They were terrified of death, but revered and honored their dead; bright colors, corn, and a dog for a quiet and safe way to what lies beyond.
The pre-Columbian Mayans were afraid, petrified really, of death. So much so that the representation of the deity (Ah Puch, Cumbau or Kizín) is a skeleton, with rotten flesh and bones as ornaments, and Xibalbá which is a dark and gloomy place in the deepest depths of the underworld.
However, they revered their dead. And they didn’t need a special day to do so because they usually buried them in the backyard of their homes (most of the common people or macaeuales) or cremated them and kept them in urns – which sometimes was the skull of the dead and would make a hole “in the colodrilo” (back of the skull) to deposit the arid remains – in a special place inside the house.

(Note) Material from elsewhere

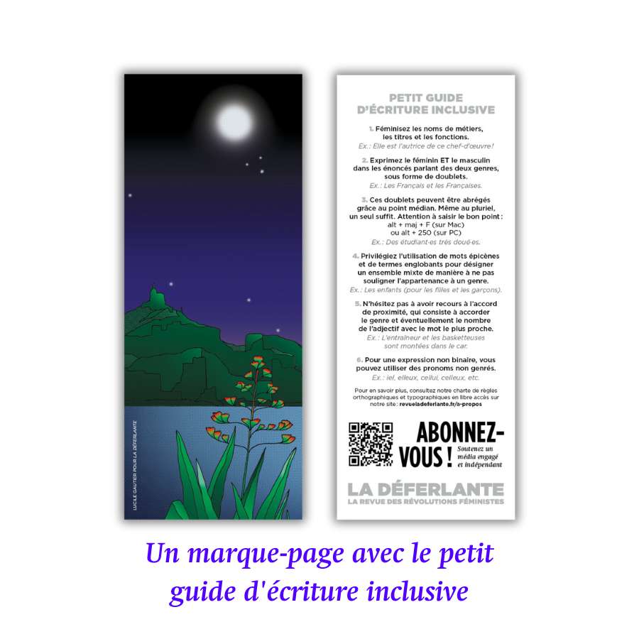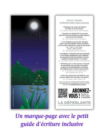 ✓ Le marque-page du numéro 12 « Rêver » dessiné par Lucile Gautier, avec au verso le petit guide d’écriture inclusive

At least that is what the most knowledgeable researchers of the Mayan culture tell us because there is very little historical evidence – codices and writings are plagued with religious and geographical syncretism – so studies are based more on archaeological remains.
Two things, however, are of solid evidence: the funeral rites of the Maya had little (almost nothing) to do with the festivities of these days and – according to researcher María Luisa Álvarez de Agredos, of the University of Valencia – color occupied a predominant place both in the tombs and in the body arrangement of the deceased in the burials of political and religious dignitaries. He says that this is why it is possible that in todays rural cemeteries there is a burst of color in the tombs and what sorrounds them.

As for the ritual, in most cases it consisted of arranging the body, putting a few grains of corn in its mouth (so it would have food on its way to the afterlife) and a jade bead (for the fee). Buried along with the tools of his trade (if he was a farmer, his farming implements, if he was a craftsman, his tools) and sometimes a dog was sacrificed to guide him in his transit to the underworld and to guard him from the dangers of the road.
The great dignitaries were buried in monuments made ex profeso (like the Lord of Palenque and other tombs in different places) and they were adorned with jewels of gold, jade and other precious materials, richly elaborated ornaments, bird feathers and -it is said- sometimes slaves and some women were sacrificed to serve them in the next life.